Martha é boa em feminices. em Doidas e Santas (L & PM, 2009), o leitor vai se deparar com um compêndio de 100 crônicas que a autora publicou nos dois mais renomados jornais diários de Porto Alegre. Martha falará da necessidade imperativa de toda mulher em viver até a "última gota", de fazer todo o trajeto valer a pena, dedicando-se ao amor, às artes e em especial, a vida, em seu mistério.

Tudo bem, você pode pensar que muito já foi dito sobre o tema. Eu até concordo, afinal, feminices não é um tema nada original, no entanto, o que há em Martha de especial? Acredito que Martha tem uma sensibilidade aguçada capaz de fazer a leitora ( e agora me dirijo a elas) pensar: " - Mas é bem assim!". E isso é muita coisa.
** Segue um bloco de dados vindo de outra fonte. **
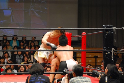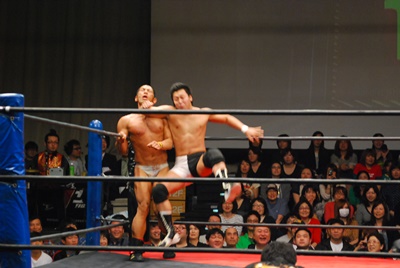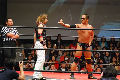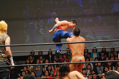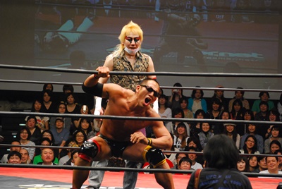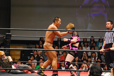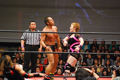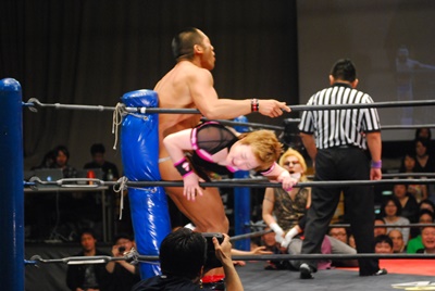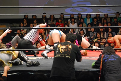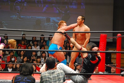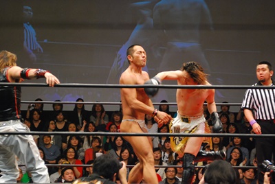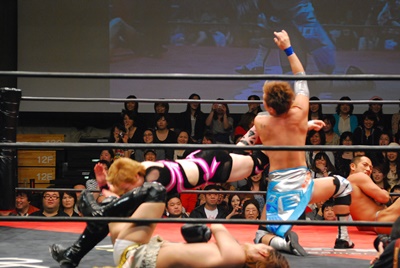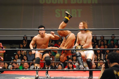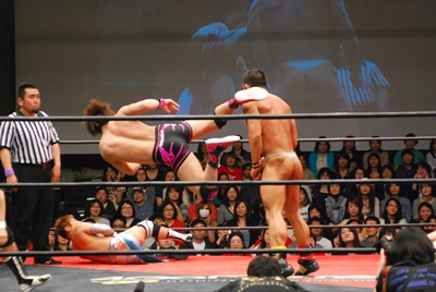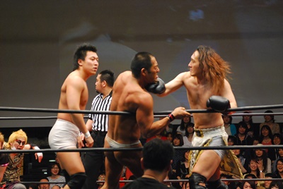 平田と鳥羽が2人でマイケルを攻撃(右写真)、マイケルエプロンに。下からシュウがカンチョー攻撃。

Tal como Divã, estas crônicas de Martha, escritas no período compreendido entre 2005 e 2008, nos abrem os olhos sobre as pequenas artimanhas de ser mulher, sem , entretanto, incorrer em feminismos, em uma diferenciação que beira o radicalismo. Pelo contrário, homens também sentem suas masculinices, e como sentem! Porque todos temos nossas questões, e, o que Martha faz é falar direto a alma , ao coração, ao cérebro, enfim, ao órgão que você eleger, de quem busca um livro, assim, sem pretensão, esses que só são adquiridos para cumprir o dever com o hábito da leitura, assim, descompromissada.


Porém, que engano! São nas leituras que encontramos menos pretensão que podemos adquirir as maiores lições. Claro, existem exceções e digo mesmo que há muito livro de bolso por aí que não vale o bolso que lhe abriga. No caso de Doidas e Santas, o leitor e a leitora - aqui vamos dar vivas à igualdade entre os sexos - encontrarão uma grata surpresa de aprender, de se deixar tocar pela visão mezzo-irônica, mezzo-cética de Martha, que, afinal, deve existir em cada um que se presta a ler.


Doidas e Santas , apesar de tratar , em grande parte, de feminices, não se limita a elas, pois é, sobretudo, um livro sobre como lidar com o mistério da vida, esta que nós é dada de graça e que, nem por isso, deve ser vivida sem alguma responsabilidade.

Isso para mim já é motivo suficiente para fazer do livro de Martha uma boa literatura, ou não é a boa literatura aquela que , mesmo falando de outros, continua falando como se diretamente a nós?